MATERIALS PROVIDED Start Marker

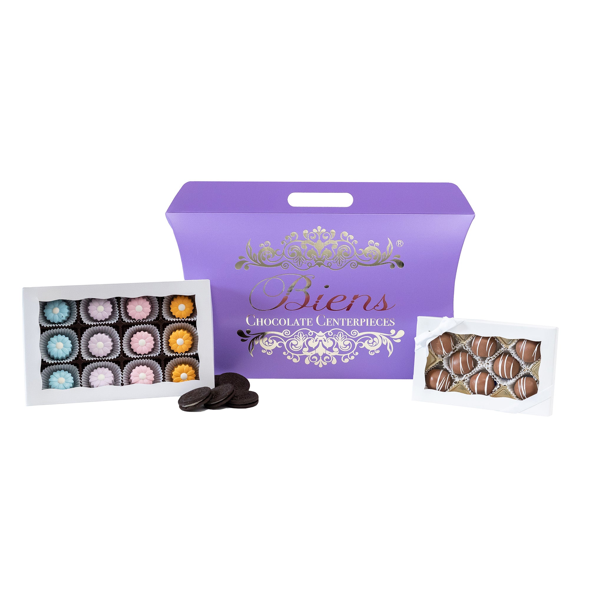 Surprise and delight with our Flowers Mini Custom Oreo & Bien Tote Box, where edible artistry meets elegance in every bite. Ideal for Mother’s Day, tea parties, or simply as a charming gesture for any day worth celebrating, this box is filled with a dozen mini chocolate-covered Oreos and our signature Biens. Each cookie is beautifully hand-decorated with intricate flower designs, invoking the warmth and joy of a blooming garden. Gift this to the special women in your life or share it as a centerpiece for your next social gathering. It's a versatile, sweet treat that’s as fitting for the grandeur of Mother’s Day as it is for the simple pleasure of an afternoon tea.
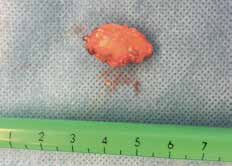 Im operativen Setting der Verfasserin trägt der Operateur stets eine Lupenbrille mit Stirnlampe zur besseren Identifizierung der Nervengefäßbündel und der Lymphknoten. Die axilläre Faszie, die das subkutane Fettgewebe vom axillären Fettgewebe anatomisch trennt, wird dann inzidiert und stumpf gespalten. Das axilläre Fettgewebe unterscheidet sich hinsichtlich der helleren Gelbfärbung und der Größe der Fettläppchen deutlich vom subkutanen Fettgewebe. Der Sentinellymphknoten wird erneut mit der Gammasonde geortet; ein entsprechender Tastbefund weist den Weg zum Ziellymphknoten (Abb. 5). Dieser wird angeklemmt, unter Koagulation der feinen zuführenden Blut- und Lymphgefäße mit der bipolaren Pinzette freipräpariert und entfernt (Abb. 6 u. 7).
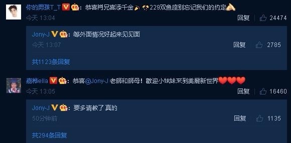 圈内好友也纷纷送上祝福,歌手陈嘉桦Ella表示:“恭喜Jony J老师和师母!欢迎小妺妹来到美丽新世界。”同为说唱歌手的Tizzy T也发文:“恭喜肖兄喜添千金,229双鱼座!别忘记我们的约定。”
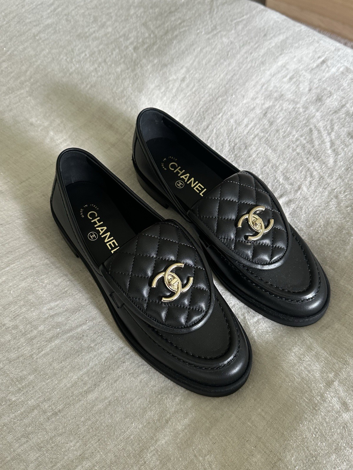 Chanel Quilted Leather Tab Loafers - Black 38.5
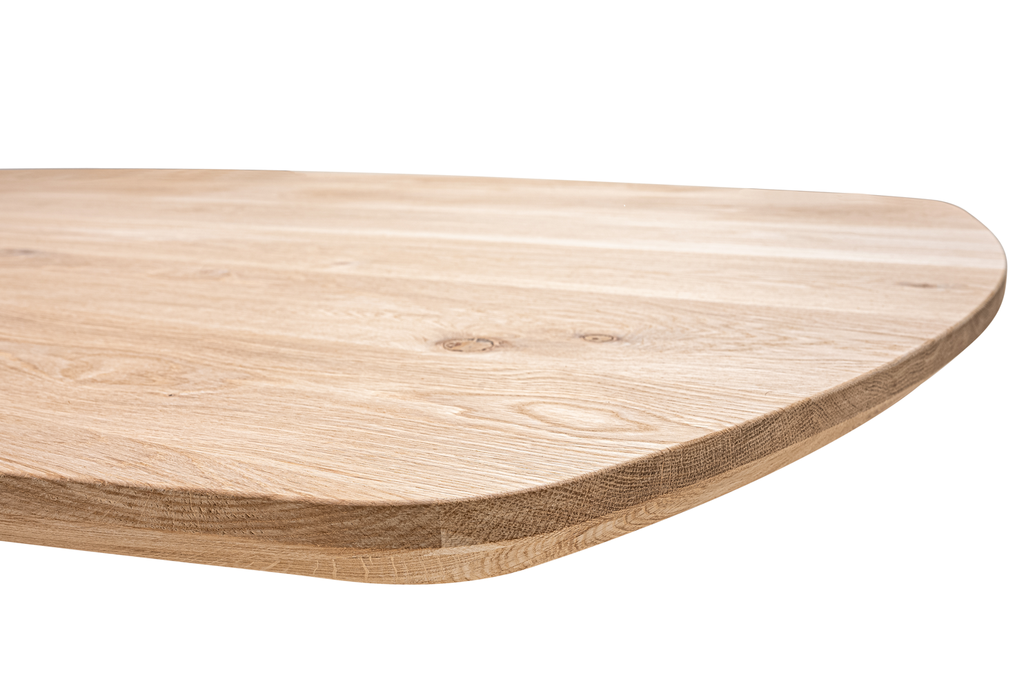 Voorbeeld: Een tafelblad van 2 cm met een opgedikte tafelrand van 6 cm oogt als een tafelblad dat 6 cm dik is. Dit is dus omdat de randen van het tafelblad 6 cm dik zijn.
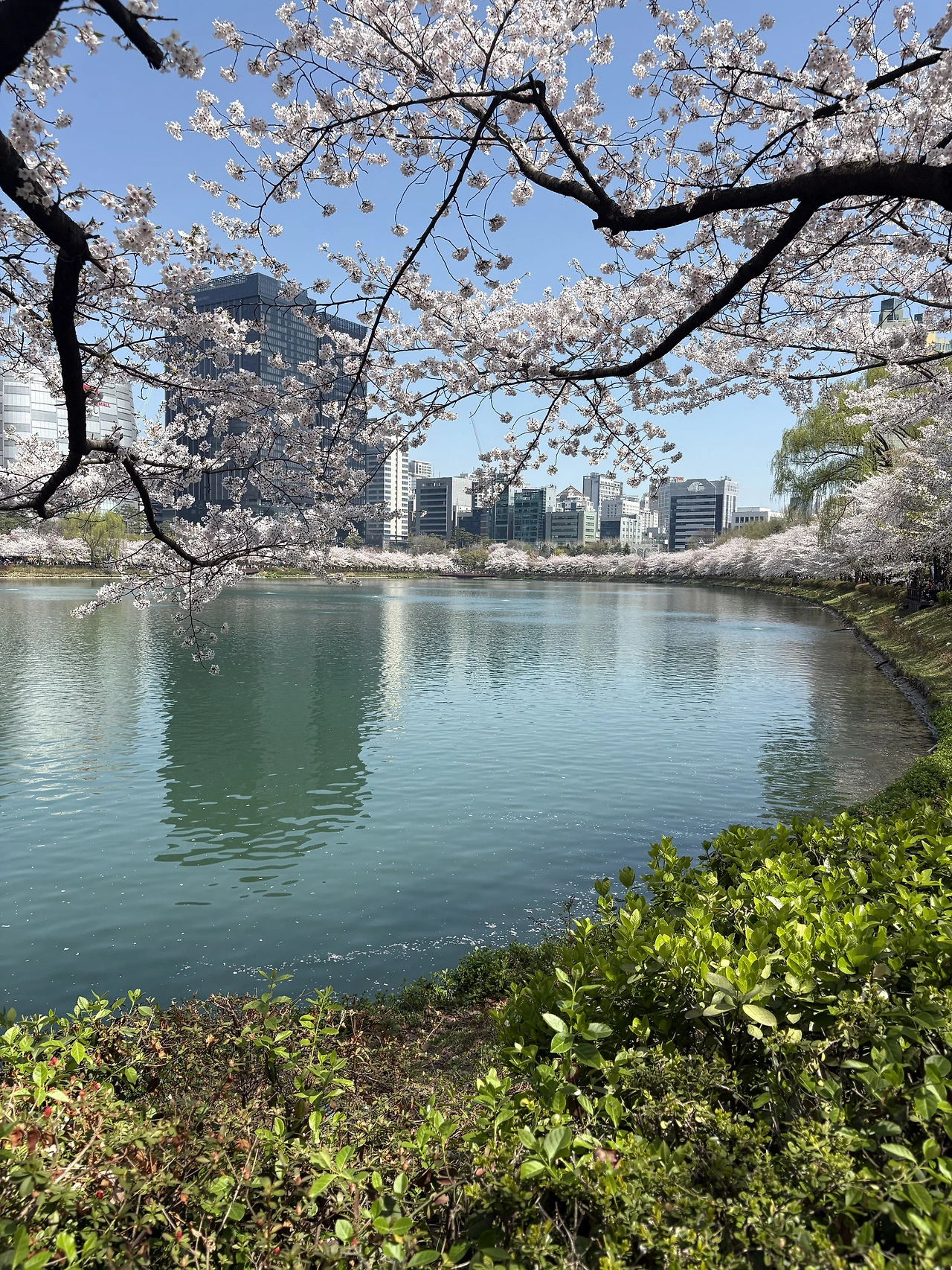소문으로만 듣던. 사진으로만 보던 아름다운 벚꽃의 자태들을 보고 있자니 오길 잘했다는 생각이 든다. 벚꽃과 호수가 화려한 도시를 품고 반짝인다. 어쩐지 다른 벚꽃들보다 세련되고 위풍당당해보인다. 시간만 많이 있다면 샌드위치 한입 베어물고 벤치에 자리잡고 앉아 책 한권 꺼내 읽고 싶다. 글을 써도 좋겠다. 그런 로망을 가지고 찾아온 석촌호수공원에는 생각보다 사람도 너무 많았고 내가 원했던 여유를 부리기엔 시간도 부족했다. 그래. 벚꽃이나 실컷 보다 가자. 그 크고 넓은 호수공원을 두 바퀴를 사람따라 돌고나니 다리가 묵직하게 아파온다. 나처럼 혼자 온 사람들도 있었지만 대개는 연인. 가족. 친구가 함께 였다. 아니, 어쩐지 걷다보니 나만 혼자라는 느낌도 들었다. 벚꽃을 품고 있는 아름다운 서로의 모습을 찍어주느라 바쁜 사람들의 모습만 눈에 들어온다. 그 순간 ‘다음주에 함께 가준다던 남편의 말도 떠올랐다’ 쿨하게 ’괜찮아. 그냥 보고만 올거야’ 했지만 그냥 보고만 오려니 어쩐지 서운했다. 나도 다시 오지 않을 2025년의 내 모습을 벚꽃과 함께 담았어야 했는데...

MATERIALS PROVIDED End Marker

**WHAT IS BEING ASKED:** Omitting all pictures, retype exactly the lines from the line containing "Chanel Quilted Leather" down to the last line above, both ends included.

**FINAL ANSWER:**
 Chanel Quilted Leather Tab Loafers - Black 38.5
 Voorbeeld: Een tafelblad van 2 cm met een opgedikte tafelrand van 6 cm oogt als een tafelblad dat 6 cm dik is. Dit is dus omdat de randen van het tafelblad 6 cm dik zijn.
소문으로만 듣던. 사진으로만 보던 아름다운 벚꽃의 자태들을 보고 있자니 오길 잘했다는 생각이 든다. 벚꽃과 호수가 화려한 도시를 품고 반짝인다. 어쩐지 다른 벚꽃들보다 세련되고 위풍당당해보인다. 시간만 많이 있다면 샌드위치 한입 베어물고 벤치에 자리잡고 앉아 책 한권 꺼내 읽고 싶다. 글을 써도 좋겠다. 그런 로망을 가지고 찾아온 석촌호수공원에는 생각보다 사람도 너무 많았고 내가 원했던 여유를 부리기엔 시간도 부족했다. 그래. 벚꽃이나 실컷 보다 가자. 그 크고 넓은 호수공원을 두 바퀴를 사람따라 돌고나니 다리가 묵직하게 아파온다. 나처럼 혼자 온 사람들도 있었지만 대개는 연인. 가족. 친구가 함께 였다. 아니, 어쩐지 걷다보니 나만 혼자라는 느낌도 들었다. 벚꽃을 품고 있는 아름다운 서로의 모습을 찍어주느라 바쁜 사람들의 모습만 눈에 들어온다. 그 순간 ‘다음주에 함께 가준다던 남편의 말도 떠올랐다’ 쿨하게 ’괜찮아. 그냥 보고만 올거야’ 했지만 그냥 보고만 오려니 어쩐지 서운했다. 나도 다시 오지 않을 2025년의 내 모습을 벚꽃과 함께 담았어야 했는데...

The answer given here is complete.